Interestingly, misconceptions about contraception have existed for a long time. An illegal abortion was a major method of family planning and is still confused with contraception. In the earlier part of the 20th century as advances in medical practices that controlled mortality were established, the need for birth control measures became evident. In the latter part of this century, family planning services became an important part of medical practice. Different societies have taken their own time to accept morally and politically the need for contraception and implement it in real terms.

Today a number of clinics in India, government supported as well as private, successfully implement family planning programmes that reach out to the people. It is only our ignorance that keeps us away from benefiting from these programmes. Decisions taken in utmost privacy are based on knowledge and easy availability of family planning facilities. And it is this bit of information that we elaborate here.

Most societies have developed a conde of conduct to limit childbirth. A legally accepted marriage after the age of eighteen in girls with a stress on illegitimacy of childbearing out of marital bonds somewhat ensures that maternity is postponed. At the rist of sounding 'puritanist', it is worthwhile emphasising that teenagers who follow this social rule strictly for delaying pregnancy (and possibly sex) ensure reproductive health. Pre-marital teenage sex that often leads to unwanted pregnancies, not only finds no social sanctions but also puts the girl's newly matured reproductive system through undue stress which may have lasting effects.

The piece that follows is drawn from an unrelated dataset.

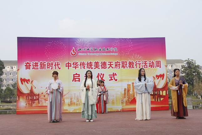 向晓岚在启动仪式上作了讲话。她说,通过这次天府职教文化节活动,将会在我校营造更加浓厚的传承弘扬中华优秀传统文化的氛围,进一步增强师生的文化自觉和文化自信,推动我校高质量发展,提升我校职业教育服务发展的贡献力和社会影响力,又能给我校广大师生提供一个展现自我的平台。她希望同学们更加了解并深刻认识到中华传统文化的重要性,激发民族责任感,对于大学生自身的全面健康发展和与他人、社会的和谐发展都具有十分重要的现实意义。

A woman conceives when intercourse takes place around the time she ovulates. For the two events to occur un unison, in an average woman with active sex life it takes about two to three months. The probability of getting pregnant is maximum if the coitus takes place two days before or after ovulation. The sperms are viable for only about forty-eight hours in the fallopian tubes. A simple way of avoiding pregnancy is to abstain from intercourse on the these days. In practice the problem arises as there are no easy indications of ovulation. There are, however, some parameters that can be monitored with some effort to help in making a guess about the day of ovulation. The mucus in the cervix at the time of ovulation is profuse, clear and watery, at other times it is cloydy, yellow or a white, sticky discharge.